A chubby middle-aged man with slicked-back hair and a Pancho Villa mustache poured him a shot of Hornitos in a clean glass. “Good news or bad?”
“What do you mean?”
“You been staring at that envelope for the last hour. You going to open it or what?”
“Already did.” Tank tapped the envelope on the bar, feeling the single sheet of paper slide from side to side. He was a journalist by profession, and he was hard put to come up with ninety-six words that more concisely conveyed the message on that page.
“And?”
“Buggy whip,” said Tank.
Pedro opened a Tecate and placed the bottle next to the tequila. “What is a leather crop used to hit a horse to make it pull a carriage or one of them hansom cabs in Central Park? Buggy whip.”
“Wrong,” said Tank, with a polite tilt of the bottle before he took a swig. “And you don’t have to repeat the word at the end. This isn’t a spelling bee.”
“What do you mean, wrong? What do you think a buggy whip is?”
“Technically, you’re correct,” Tank conceded. “But it wasn’t a question.”
“You trying to make some kind of point?”
“You asked about the envelope.”
Pedro leaned against the bar. “Okay, then. Shoot.”
And so Tank told Pedro the story.
At the turn of the twentieth century, everyone rode horses to get around. Wagons and carriages were the most popular means of transport for groups of people traveling any kind of distance.

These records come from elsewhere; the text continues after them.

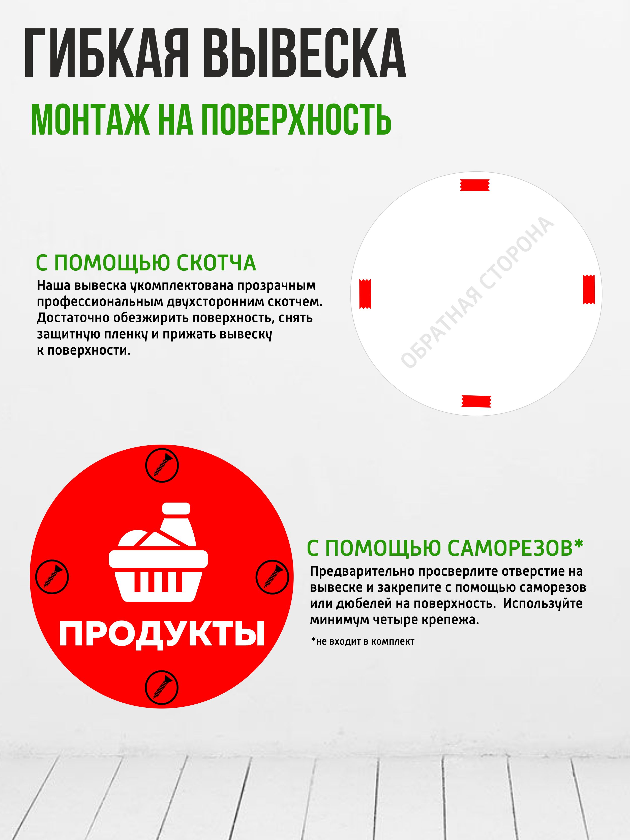 Гибкая несветовая вывеска "Продукты", полипропилен 1мм, для магазина или витрины
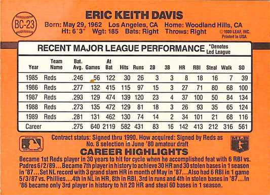 1990 Donruss MVP Eric Davis Baseball Player Card #BC-23 - Mint Condition
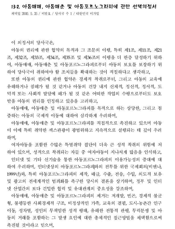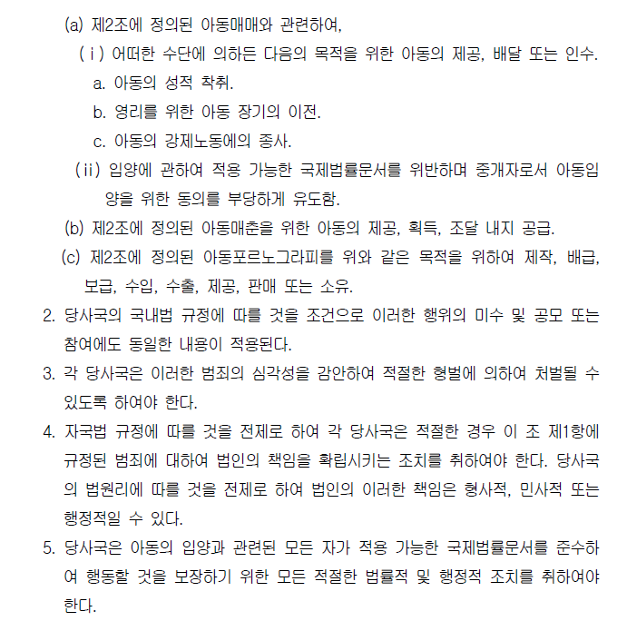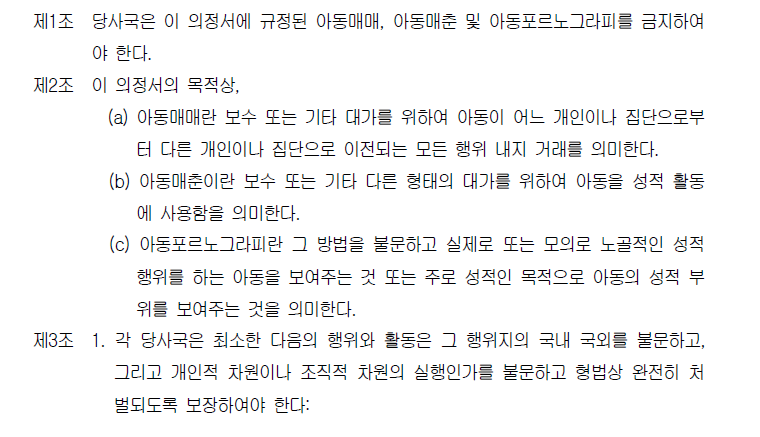 한국법 너무 허술하다. 2조(아동의 매매/매춘/포르노) 3조(국내 국외 불문) 못 지키고있다. 35조(아동의 유괴/매매/수송)도 취약하다. 제3자가 아동의 출생신고를 안할 수 있는데 그러면 관리 안된다. 그리고 범죄자가 한국인이거나 한국에 상주하는 외국인인 경우, 그리고 한국 아동이 외국에서 피해를 당한 경우에 대한 역외관할권을 확립하기 위한 법적 조치를 취해라.
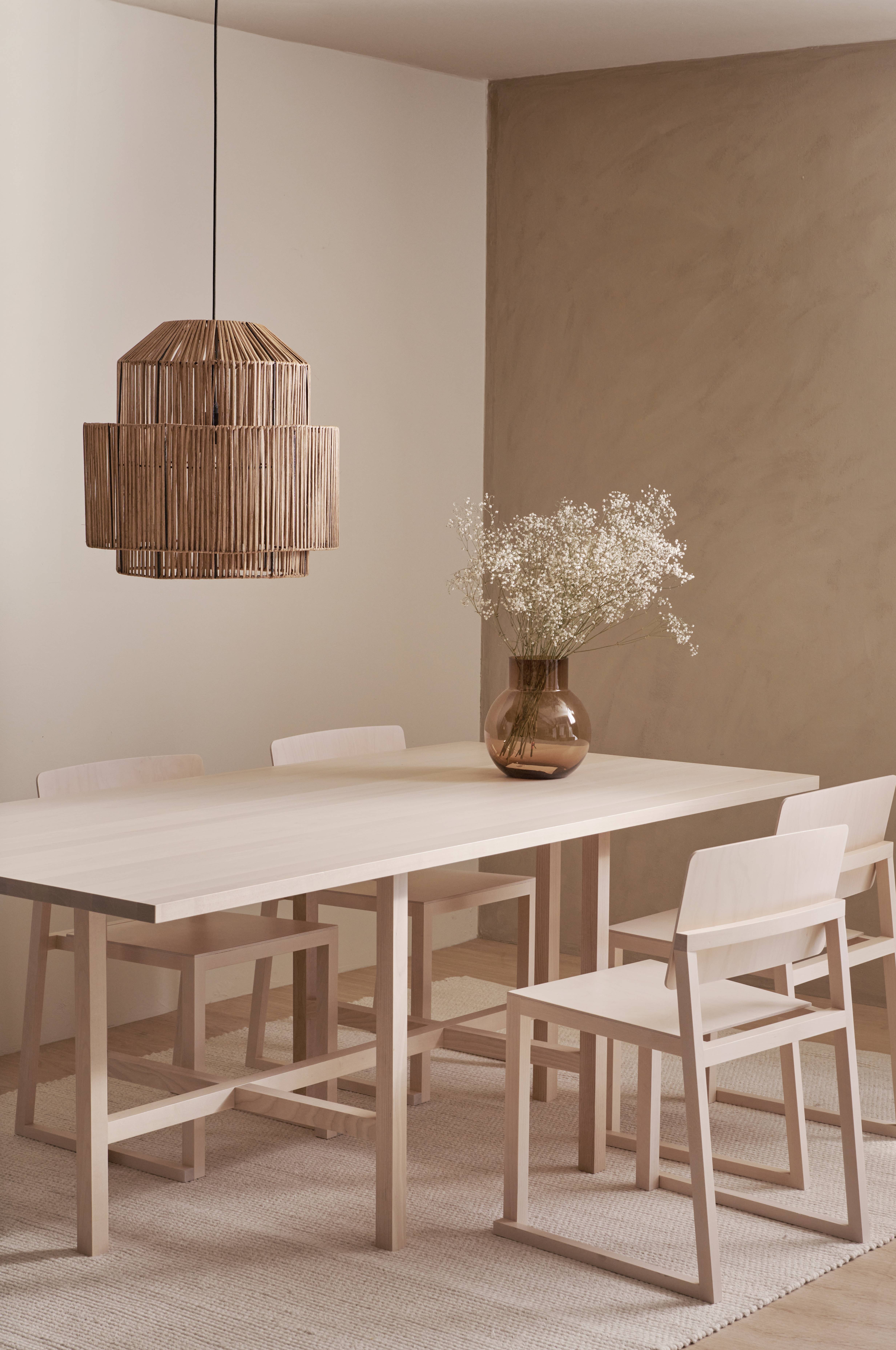 Svenskprodusert spisebord av bjørk med svidd stempel på undersiden av bordet.

You couldn’t have a carriage without a buggy whip. Buggy whips were everywhere, and so were the companies that made them.
Then one day automobiles appeared. They were regarded as marvels and quickly became objects of envy. But for many years they were too expensive for regular folk. Still, little by little the price of this newfangled invention fell. Each year more people bought automobiles and fewer people rode in horse-drawn carriages.